Pharma companies have lived with this for so long that it barely registers as a problem anymore. It's just how validation works. ERP handles one piece, QMS another, LIMS and MES cover manufacturing and lab data, and document management systems hold everything else — mostly in isolation from one another. When an inspector shows up, or a change control needs sign-off, someone has to manually stitch all of that together into a coherent, defensible story.

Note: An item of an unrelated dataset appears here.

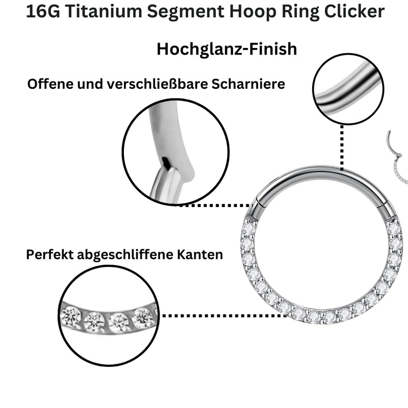Medinah 16G Titanium Nose Piercing Septum Piercing - Universal Hinge Segment for Septum, Nose, Lip, Ear - Gauge 1.2 mm - Nostril Piercing in Gold, Silver & Rose Gold, Titanium, Cubic Zirconia

What's changing now is the tooling available to do that stitching. AI-driven platforms are increasingly able to pull relevant records from across these fragmented systems and present them with context — not replacing the judgment of quality and regulatory professionals, but cutting down the hours spent hunting for evidence before that judgment can even be applied. The approval still sits with a human. What's different is how fast they can get to a decision, and how solid the trail looks when someone asks them to defend it later.
This matters because regulators haven't slowed down. The definition of "compliant" is becoming increasingly specific in FDA guidelines, ICH standards, and GAMP 5 frameworks, especially with the introduction of AI tools. That pressure will be felt by organizations that continue to view validation as a yearly fire drill. The ones building traceability into daily operations — so the evidence is already organized before anyone asks for it — will have an easier time keeping up.
None of this changes what validation is for. It still exists to prove that pharmaceutical products and processes work the way they're supposed to. What's finally shifting is how much of that proof has to come from manual effort versus systems that were actually built to track it.